Изумрудная, залитая солнцем, лужайка, невдалеке поблескивает небольшое озерцо, на расстеленном цветастом пледе расположились молодые мужчина и женщина. На их лицах улыбки. Он не отрываясь, с пронзительной нежностью смотрит на то, как Она делает ему сэндвич из, заготовленной в плетеной корзинке, снеди. Заслышав звонкий смех, они оба оборачиваются чтобы приласкать взглядом подбежавшую к ним девочку лет девяти, в розовом платье и с большим надувным мячом в руках. Все ее тело, от обутых в темно-красные сандалии ножек, до двух озорно болтающихся хвостиков, в которые собраны ее чудесные золотистые волосы, заряжено какой-то неуёмной радостной энергией, заставляющей ее постоянно бегать, резвиться и подбрасывать в лазурное небо свой, огромный как планета, мяч... Села. Высунув язык, примерилась к лежащему на бумажной тарелке, крупному и очень сочному на вид, бордовому яблоку. Протянула было руку но тут же заметила аппетитный сэндвич. Что-то спросила, хлопая длинными ресницами, и обернулась к отцу - тот улыбнулся, кивнул, мать протянула дочери свежий, щедро и мудрено составленный...
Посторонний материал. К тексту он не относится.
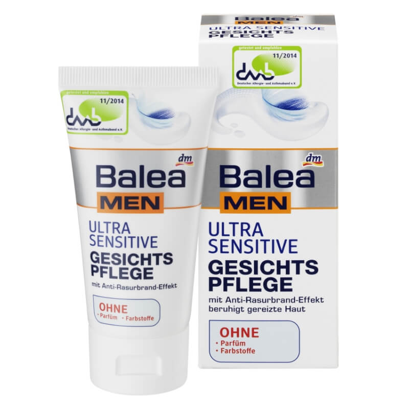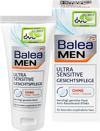 Balea MEN Ultra Sensitive Gesichtspflege ingredients explained Aqua, Isopropyl Palmitate, Glycerin, Octyldodecanol, Ammonium Acryloyldimethyltaurate/VP Copolymer, Dicaprylyl Ether, Ethylhexyl Stearate, Persea Gratissima Oil, Caprylyl Glycol, Sodium Lactate, Ribes Nigrum Seed Oil, Dipropylene Glycol, Glyceryl Caprylate, Helianthus Annuus Seed Oil Unsaponifiables, Lactic Acid, Tocopherol, Cardiospermum Halicacabum Flower/Leaf/Vine Extract, Helianthus Annuus Seed Oil, Rosmarinus Officinalis. Balea MEN Arctisztító hab, Ultra sensitive, 150 ml 150 ml (5 994 Ft / 1 l) (29) 9 Ft Bevásárlókocsi alverde MEN Borotvagél férfiaknak Sensitive Nature, érzékeny, 0 ml 0 ml (4 495 Ft / 1 l) (31) 9 Ft Bevásárlókocsi NIVEA MEN Borotvahab Sensitive. Mit einer Kombination aus Panthenol und Allantoin pflegt die Balea Med Ultra Sensitive Gesichtscreme empfindliche sowie gestresste Haut und versorgt sie intensiv mit Feuchtigkeit Zusätzlich wird der Säureschutzmantel der Haut geschützt und die natürliche Balance.
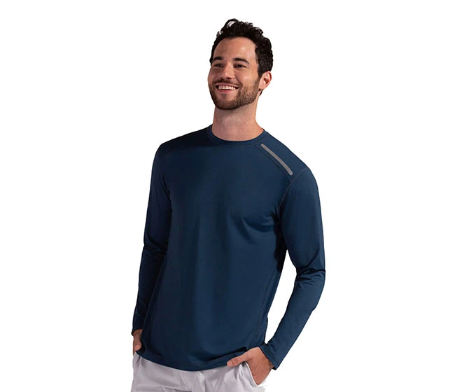 The BloqUV 50+ UPF men’s Jet Long Sleeve Tee is sun protection to be worn alone, as a base layer, swim shirt, rash guard or beach cover up. The long sleeve performance SPF tee offers comfort, freedom of movement and is perfect for running, biking, swimming, boating, skiing, tennis, golf, working out or just looking sharp at leisure.

Вспышка. Все тонет в страшном искусственом свете. Время будто остановилось. Медленно словно через силу движется рука с бутербродом, но никакого бутерброда уже нет - он сплавился с плотью в одно дымящееся месиво, лениво стекающее на землю. Бархатная кожа на застывшем детском лице прямо на глазах обугливалась, вздувалась пузырями, что тут же лопались с жутким скворчанием, и постепенно сползала, обнажая белизну костей... Dies irae. Ужас. Ужас...
Снова и снова, каждую ночь возвращались эти жуткие видения. Откуда они только берутся? Неужели помешательство на почве нервного истощения и кислородного голодания? Спустя неделю Коэн все больше укреплялся в одной мысли: на них на всех давит излучение, похлеще ренгеновского - смерть миллионов людей выбросила в атмосферу неимоверный заряд боли, страдания, страха... Их голоса воют в наших воспаленных мозгах, терзают наши души, повторяя одно и то же - "Убийцы...".
Да. Ему и хотелось убивать. Убивать всех этих гребанных извергов из корпорации. Стрелять и стрелять, пока не иссякнут боеприпасы, а потом резать ножом и вгрызаться зубами в горло...
Словно откуда-то издалека запел магнитофон, козарма загудела обычными звуками: кто-то ворочался, скрипя пружинами койки, кто-то заговорил в пол-голоса, начинался новый день войны.
Однако спокойствие недолго царило в душном мареве подземной казармы -
появился посыльный с сообщением от командования.
Медведь скомандовал подъем и Коэн со взохом поднялся с койки. Когда же он выспится, наконец...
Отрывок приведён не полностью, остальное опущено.